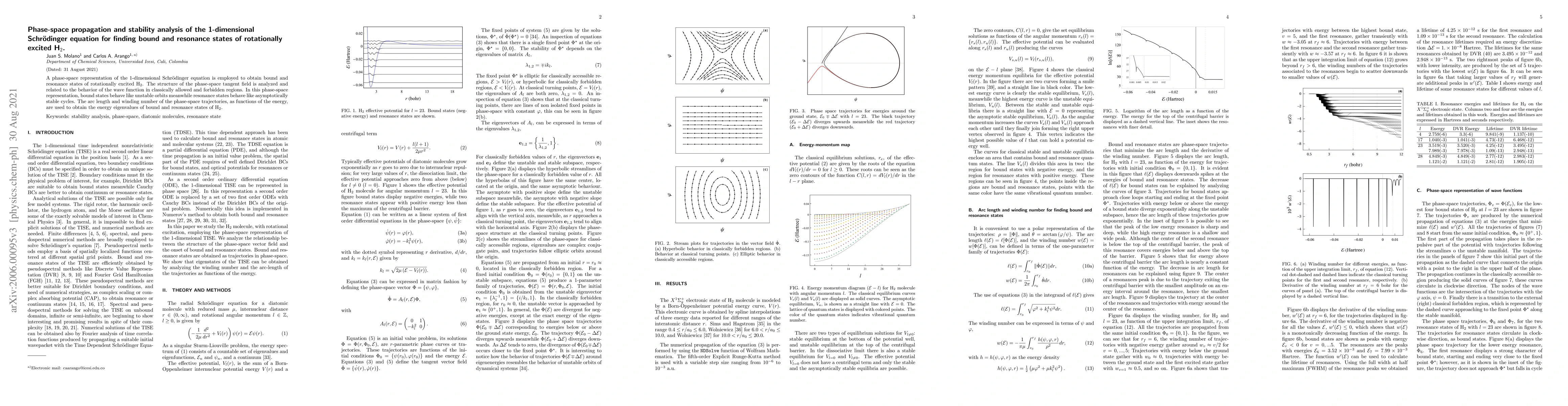 This paper employs phase-space methods to analyze the 1-dimensional Schrödinger equation for rotationally excited H$_2$, revealing that bound states correspond to unstable orbits while resonance states resemble asymptotically stable cycles. The study provides a comprehensive energy-momentum diagram lattice for H$_2$ and uses phase-space trajectory properties to determine energy eigenvalues.
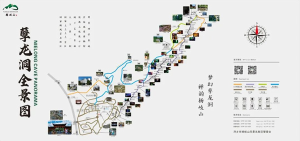 游客在售票大厅购买门票和观光车票后,前往3D演艺厅门口上车点,搭乘着崭新的观光车,穿梭于自然与人文交织的画卷之中,沿山到达孽龙洞新入口。沿山旅游公路设置了西迁精神传承基地、观景平台(神龙秘境)、中棚、山里打盹网红打卡点等多个停靠点,游客都可随时下车,沉浸式感知领略杨岐山这片土地的美丽与深邃,而观光车票则如同一张通行证,让每一次的启程与回归都充满便捷与自由。下车步行至七彩百步铁索桥,这座桥不仅是一道绚丽的风景线,更是连接洞内与洞外世界的神秘通道。游客可凭票乘坐观光电梯,踏入神龙谷的森林世界,抵达景区全新打卡地——神龙谷。神龙谷内沿着阶梯下行,溶洞奇观,映入眼帘。孽龙洞游览结束出洞后,游客们可踏上彩虹桥,前往杨岐山地质博物馆,探寻这片岩溶地质的奥秘。
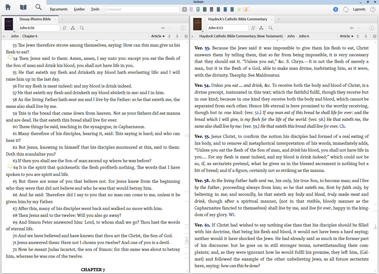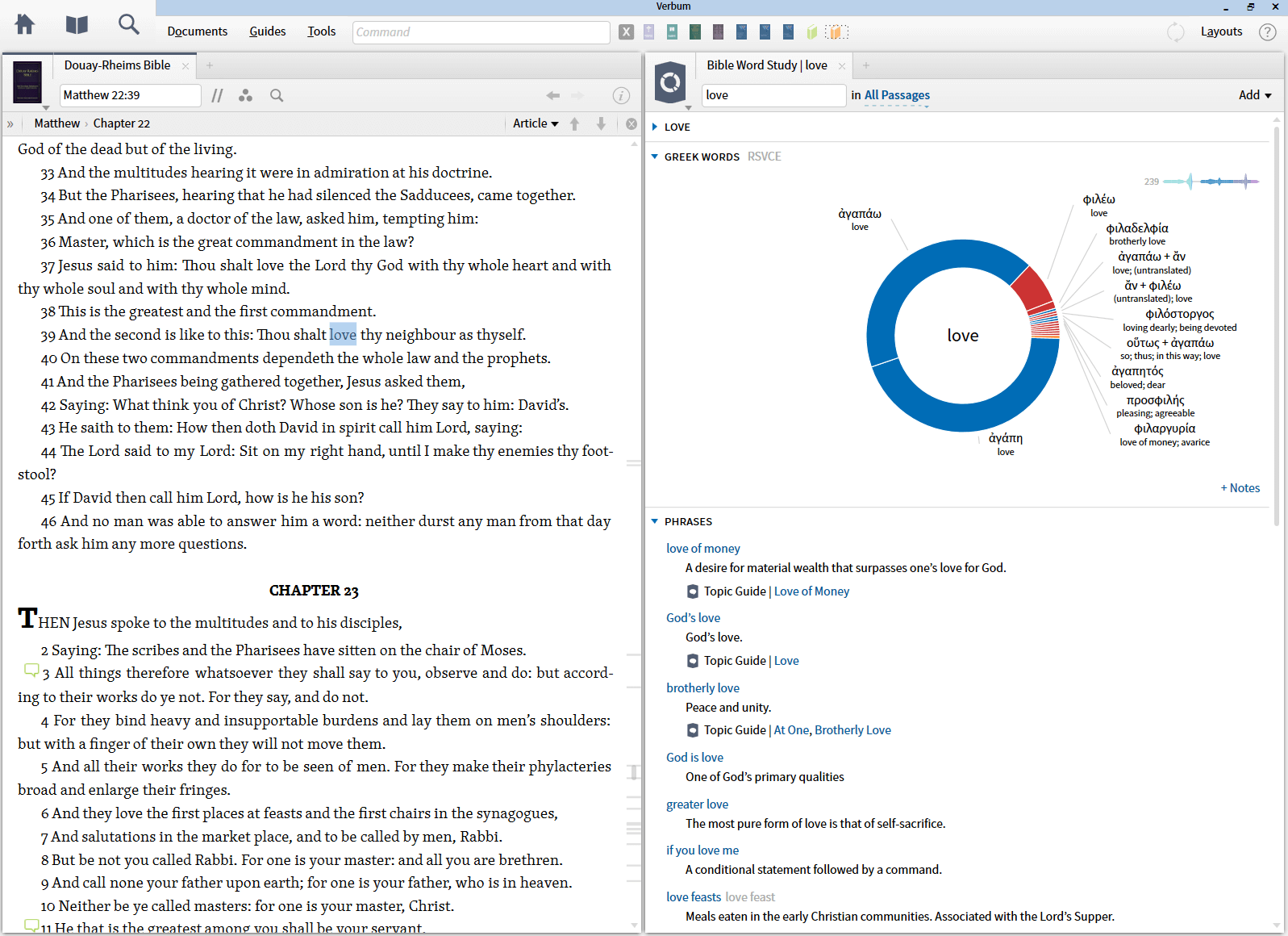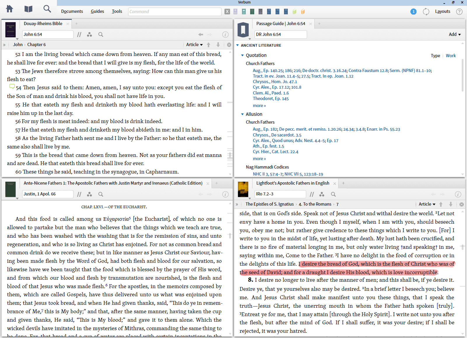 Verbum Cloud Premium gives you everything in Plus as well as select works from St. Alphonsus Liguori, St. Robert Bellarmine, St. Louis de Montfort, and Thomas Merton, English and Latin text of Encyclicals and Apostolic Exhortations of John Paul II and Benedict XVI, Vatican documents on doctrine, liturgy, education, and the family, the International Critical Commentary (New Testament), Karl Barth’s Church Dogmatics, works of Aristotle, Plato and other philosophers, and hundreds of other titles.
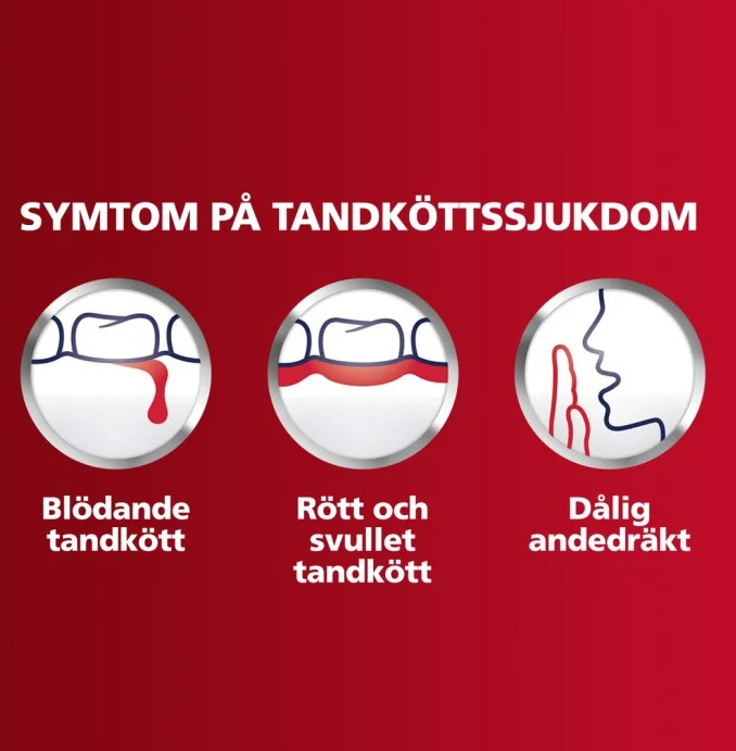 Medicinteknisk produkt mot blödande tandkött. Ska ej användas till barn under 12 år.
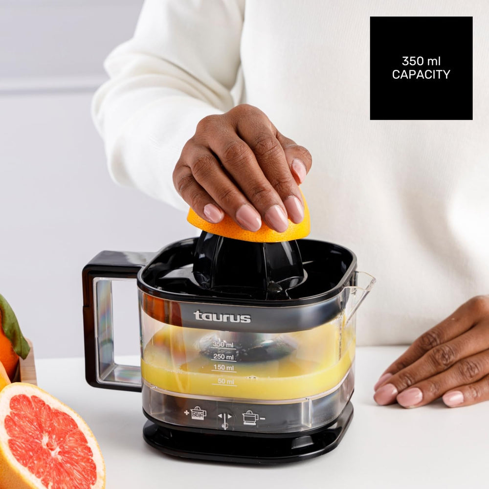 Taurus TC-350 Elektrische Orangenpresse, 350 ml Saft, transparenter Krug, doppelte Drehrichtung, kom
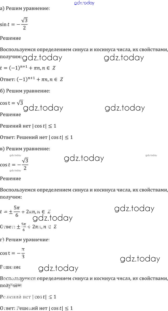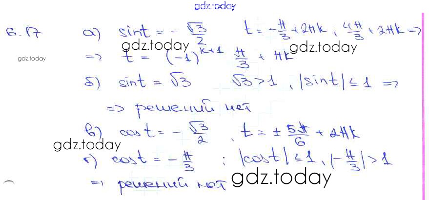 Ответы к §6. Синус и косинус. Тангенс и катангенс Глава 2 6. 17 Задачнику по Алгебре для 10-11 класса Мордкович, Денищева Базовый уровень Мнемозина 2015
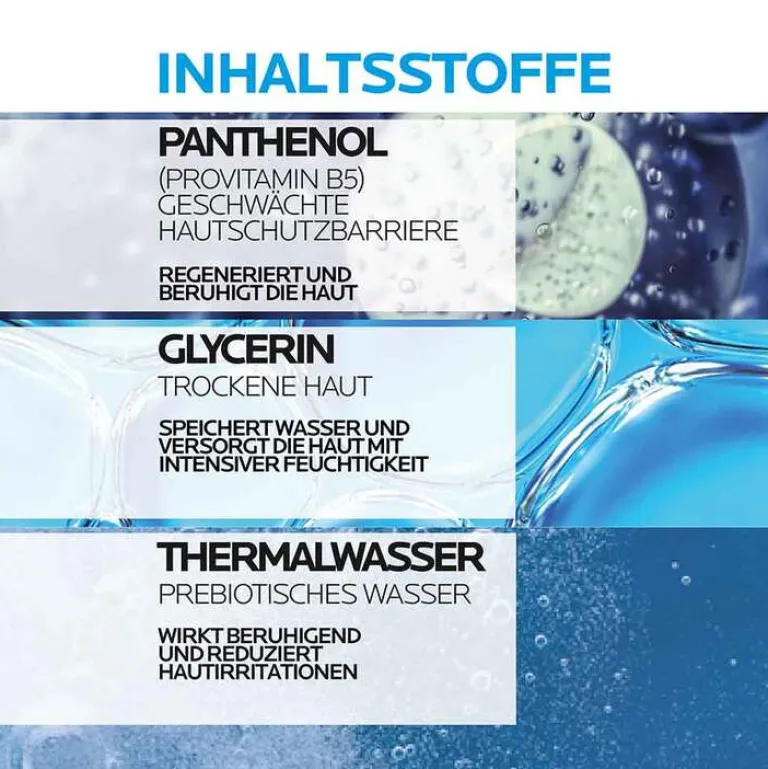 - 5 % Panthenol beruhigt bei Hautirritationen und mildert Juckreiz und Spannungsgefühle.

* _DESCRIPTION OF THE TASK_
If an entry above holds a picture, leave that picture out and print the rest exactly.

* _WRITTEN ANSWER_
 This paper employs phase-space methods to analyze the 1-dimensional Schrödinger equation for rotationally excited H$_2$, revealing that bound states correspond to unstable orbits while resonance states resemble asymptotically stable cycles. The study provides a comprehensive energy-momentum diagram lattice for H$_2$ and uses phase-space trajectory properties to determine energy eigenvalues.
 游客在售票大厅购买门票和观光车票后,前往3D演艺厅门口上车点,搭乘着崭新的观光车,穿梭于自然与人文交织的画卷之中,沿山到达孽龙洞新入口。沿山旅游公路设置了西迁精神传承基地、观景平台(神龙秘境)、中棚、山里打盹网红打卡点等多个停靠点,游客都可随时下车,沉浸式感知领略杨岐山这片土地的美丽与深邃,而观光车票则如同一张通行证,让每一次的启程与回归都充满便捷与自由。下车步行至七彩百步铁索桥,这座桥不仅是一道绚丽的风景线,更是连接洞内与洞外世界的神秘通道。游客可凭票乘坐观光电梯,踏入神龙谷的森林世界,抵达景区全新打卡地——神龙谷。神龙谷内沿着阶梯下行,溶洞奇观,映入眼帘。孽龙洞游览结束出洞后,游客们可踏上彩虹桥,前往杨岐山地质博物馆,探寻这片岩溶地质的奥秘。
 Verbum Cloud Premium gives you everything in Plus as well as select works from St. Alphonsus Liguori, St. Robert Bellarmine, St. Louis de Montfort, and Thomas Merton, English and Latin text of Encyclicals and Apostolic Exhortations of John Paul II and Benedict XVI, Vatican documents on doctrine, liturgy, education, and the family, the International Critical Commentary (New Testament), Karl Barth’s Church Dogmatics, works of Aristotle, Plato and other philosophers, and hundreds of other titles.
 Medicinteknisk produkt mot blödande tandkött. Ska ej användas till barn under 12 år.
 Taurus TC-350 Elektrische Orangenpresse, 350 ml Saft, transparenter Krug, doppelte Drehrichtung, kom
 Ответы к §6. Синус и косинус. Тангенс и катангенс Глава 2 6. 17 Задачнику по Алгебре для 10-11 класса Мордкович, Денищева Базовый уровень Мнемозина 2015
 - 5 % Panthenol beruhigt bei Hautirritationen und mildert Juckreiz und Spannungsgefühle.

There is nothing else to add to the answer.